Les testicules de ces messieurs furent une guirlande de fruits confits ou non, charnus ou séchés que j’ai blotti contre mes seins.


Les sillons de ces dames m’ont offert tous les parfums de ma chère Méditerranée, l’iode mêlée au musc de leurs petits oignons que je farcissais de mes doigts agiles.


Les cris mêlés étaient une symphonie de mouettes et de goélands fous, les fontaines de certaines étaient comme les vieilles dame de pierre qui ornent le centre des villages perchés.

Mon propre plaisir a été une journée d’été lumineuse et interminable.


J’ai joui, j’ai fait jouir. Mon corps ne m’appartenait plus, j’étais partie prenante de ce paysage sensuel, j’étais tout en haute de la montagne sainte Victoire et je m’offrais à la vue de toutes et tous.
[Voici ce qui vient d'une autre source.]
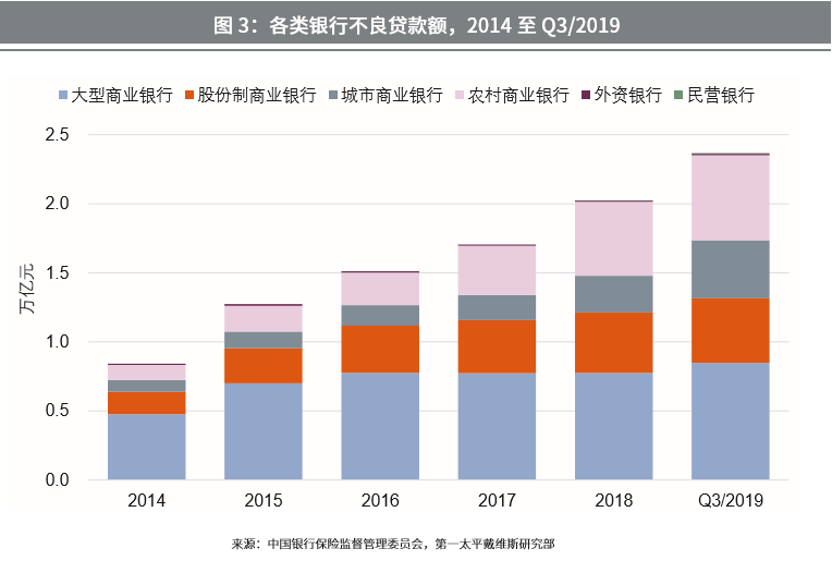 中国各类银行不良贷款额
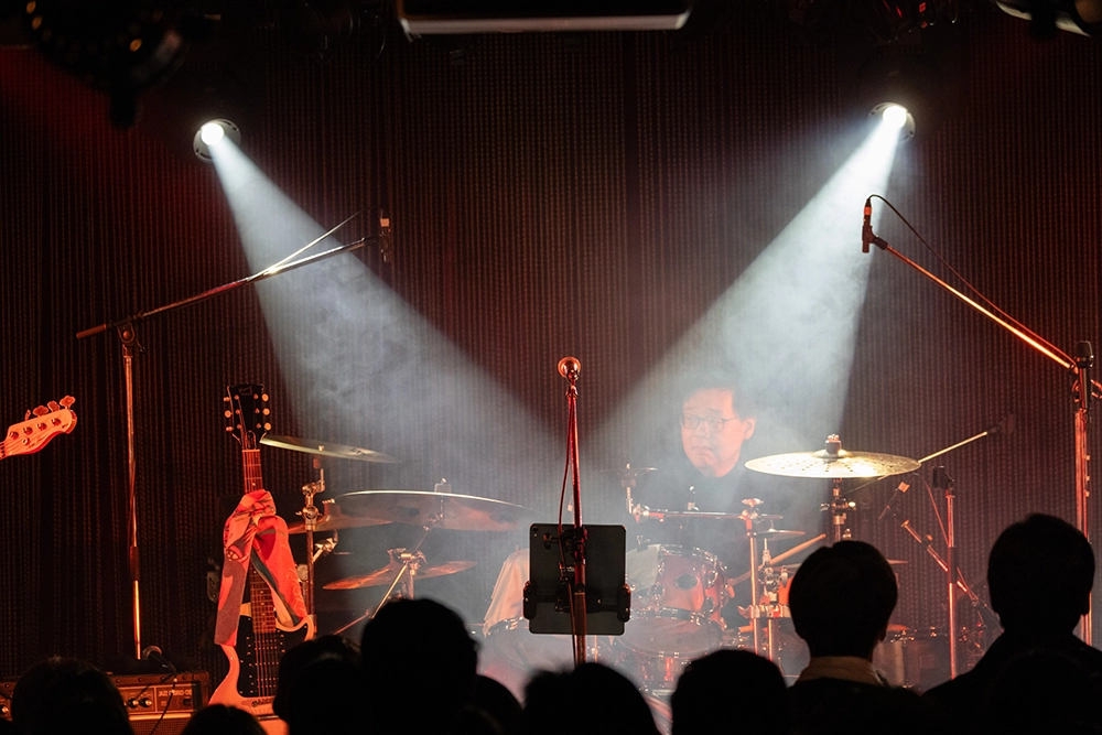 そして、6曲目からラストまでのドラマーは、テディ。HAZEからテディにスイッチする時、ドラムセットの転換をする間は、フロア左横のスクリーンを使って、空想委員会と仲間のバンドたちの、歴代のオフショットが公開され、それを見てメンバー+ゲストで当時の思い出話をする、というコーナーでつなぐ。
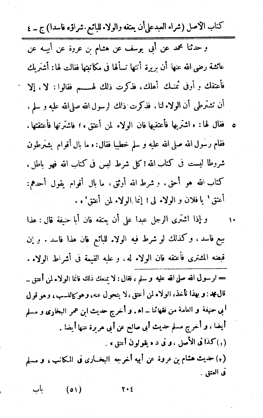 وَحدثنَا مُحَمَّد عَن أبي يُوسُف عَن هِشَام بن عُرْوَة عَن ابيه عَن عَائِشَة رَضِي الله عَنْهَا أَن بَرِيرَة أتتها تسألها فِي مكاتبتها فَقَالَت لَهَا أشتريك فأعتقك وأوفي ثمنك أهلك فَذكرت ذَلِك لَهُم فَقَالُوا لَا إِلَّا أَن تشترطي أَن الْوَلَاء لنا فَذكرت ذَلِك لرَسُول الله صلى الله عَلَيْهِ وَسلم فَقَالَ لَهَا اشتريها فأعتقيها فان الْوَلَاء لمن أعتق فاشترتها فاعتقتها فَقَامَ رَسُول الله صلى الله عَلَيْهِ وَسلم خَطِيبًا فَقَالَ مَا بَال أَقوام يشترطون شُرُوطًا لَيست فِي كتاب الله كل شَرط لَيْسَ فِي كتاب الله فَهُوَ بَاطِل كتاب الله هُوَ أَحَق وَشرط الله أوثق مَا بَال أَقوام يَقُول أحدهم أعتق يافلان وَالْوَلَاء لي إِنَّمَا الْوَلَاء لمن أعتق وَإِذا اشْترى الرجل عبدا على أَن يعتقهُ فَأن ابا حنيفَة قَالَ هَذَا بيع فَاسد وَكَذَلِكَ لَو شَرط فِيهِ الْوَلَاء للْبَائِع فان هَذَا فَاسد وَإِن قَبضه المُشْتَرِي فَأعْتقهُ فان الْوَلَاء لَهُ وَعَلِيهِ الْقيمَة فِي أَشْرَاط الْوَلَاء
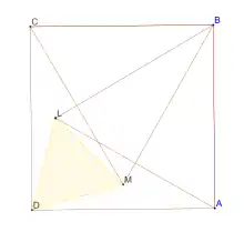 Problème de Thébault n°2 — Soit un carré ABCD. Construisons deux triangles équilatéraux sur deux côtés consécutifs du carré, tous les deux "intérieurs" ou "extérieurs" par exemple ABL et BCM. Alors le triangle LMD est équilatéral.
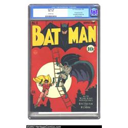 Batman #4 (DC, 1940) CGC VG+ 4.5 Off-white pages. This nice, tight copy features the third appearance of the Joker and the first mention of Gotham City. Early issues of Batman are highly sought after and are a prized part of Golden Age collections. This affordable copy presents a great opportunity to add a very early appearance of Batman to your collection. Overstreet 2002 GD 2.0 value = $630; VG 4.0 value = $1,890. Important notice: We expect to be auctioning lots at the rate of 200-250 per hour. Sometimes eBay Premier live bid software cannot keep up with that pace, so we strongly recommend that you place a realistic proxy bid now as insurance to avoid disappointment. Also please note that all Heritage/CAA lots purchased through eBay Premier carry a 20% Buyer's Premium. Please make sure you read the Terms and Conditions.
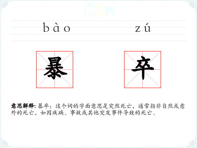 暴卒:这个词的字面意思是突然死亡,通常指非自然或意外的死亡,如因疾病、事故或其他突发**导致的死亡。
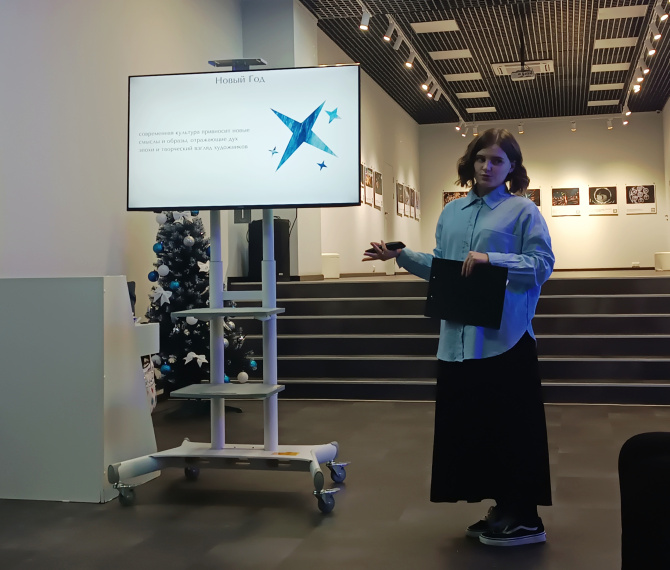 В Центре современного искусства «Сопки 21А» состоялась увлекательная лекция, посвящённая переосмыслению новогодних образов в актуальном художественном контексте. Специалист Виктория Яковлева предложила аудитории погрузиться в мир, где знакомые с детства символы — от Деда Мороза до ёлочных шаров — обретают новые, порой неожиданные, смыслы.

J’ai sucé, j’ai baisé, on m’a prise, on m’a enculée aussi. J’ai donné mon corps en sacrifice, quel plus bel holocauste pour une nuit de Noël !?


Je m’en suis allé sous la douche après ces libations torrides. J’ai été lavée, séchée et ointe par une multitude de mains. Hommes, femmes, je ne m’appartenais plus. Je suis ressortie sur le trottoir toujours enguirlandé et vociférant, hagarde mais heureuse.

Mon Noël avait, finalement été aussi miraculeux que gourmand.